Texas Voters Declare Parents, Not The Government, Make Big Decisions In Children’s Lives
All seventeen amendments passed, but #15 was a doozy

For all the talk we hear about Texas becoming a ‘purple’ state, their voting record on questions like these tells a very different story.
Seventeen different ballot initiatives were put to the public in Texas this week. And all seventeen of them passed.
They covered a wide range of issues, from crime initiatives giving automatic denial of bail for certain serious violent crimes, to funding of initiatives like technical schools, water infrastructure repairs, and alzheimers reserarch. They offered niche tax relief for animal feed, or small businesses. Tax exemption for the surviving spouses of veterans passed, and several other property-tax relief issues passed as well.
We saw changes to how a rogue judiciary could be held accountable, a pre-emptive ‘HELL NO’ on any new confiscatory taxes for securities, inheritance ‘death taxes’.
Most of those are fairly run-of-the mill changes, even if some of them (no death tax, or property tax relief for fire victims, for example) can be a really big deal to those affected.

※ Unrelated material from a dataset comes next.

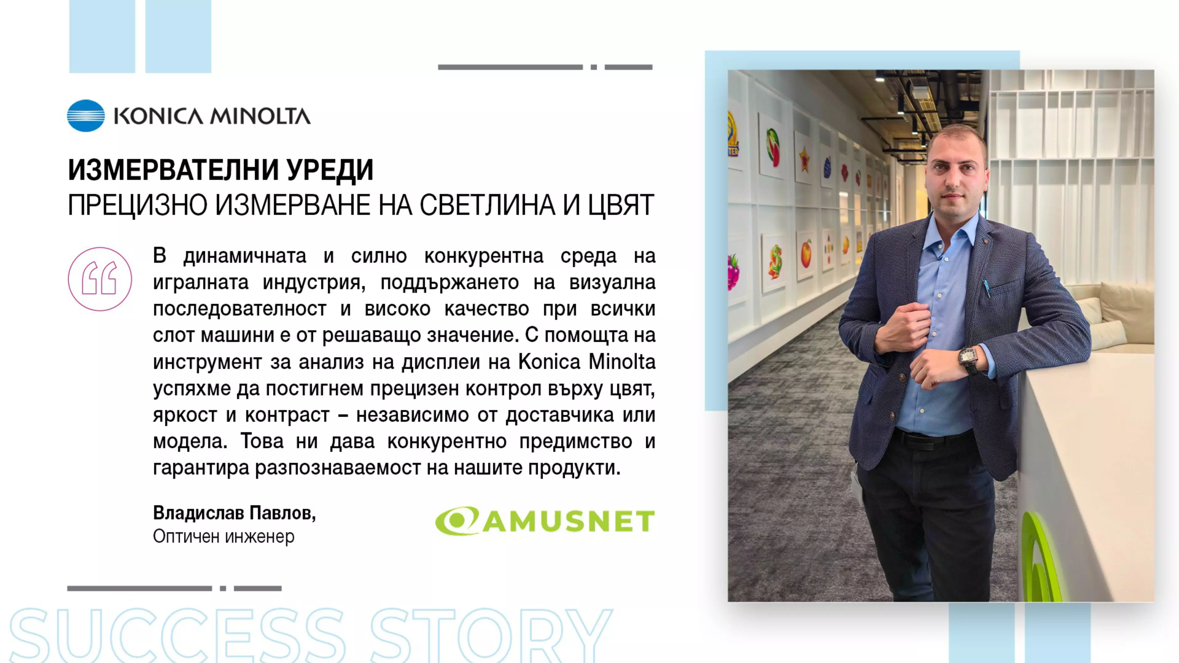 В стремежа си да гарантира визуална консистентност и високо качество във всички свои слот машини, Amusnet – водещ доставчик на казино решения – избра Коника Минолта България за надежден партньор в прецизното измерване и контрол на оптичните параметри на своите продукти.

But two of those Ballot Initiatives strike at the heart of what’s been dubbed the ‘woke agenda’.
First off, the glaringly obvious point that only citizens should have the right to vote in Texas is now enshrined in law. (Initiative #16)
As cited in Kera News:
This proposition clarifies that a voter must be a U.S. citizen and registered in Texas to cast a ballot. Proponents say that’s important because the state’s constitution doesn’t explicitly limit non-citizens from voting.
While current Texas law already limits voting to citizens, this measure codifies that restriction to prevent future legal or policy changes allowing non-citizen voting.
Which brings us, at last, to the one featured in the headline, proposition 15, with 2M+ voting for, and some 800k voting against (better than a 2:1 margin) in a vote that is the precise opposite of laws passed in, say, California.
Here is the actual text of the resolution giving parents the final say over big decisions impacting their children.
Senate Joint Resolution 34 proposes an amendment to the Texas Constitution stating that, in order to enshrine truths that are deeply rooted in the nation’s history and traditions, the people of Texas affirm by the proposed amendment that a parent has the responsibility to nurture and protect the parent’s child and the corresponding fundamental right to exercise care, custody, and control of the parent’s child, including the right to make decisions concerning the child’s upbringing.
It’s only a single paragraph long, but it carries an entire world of implications for the wellbeing of children.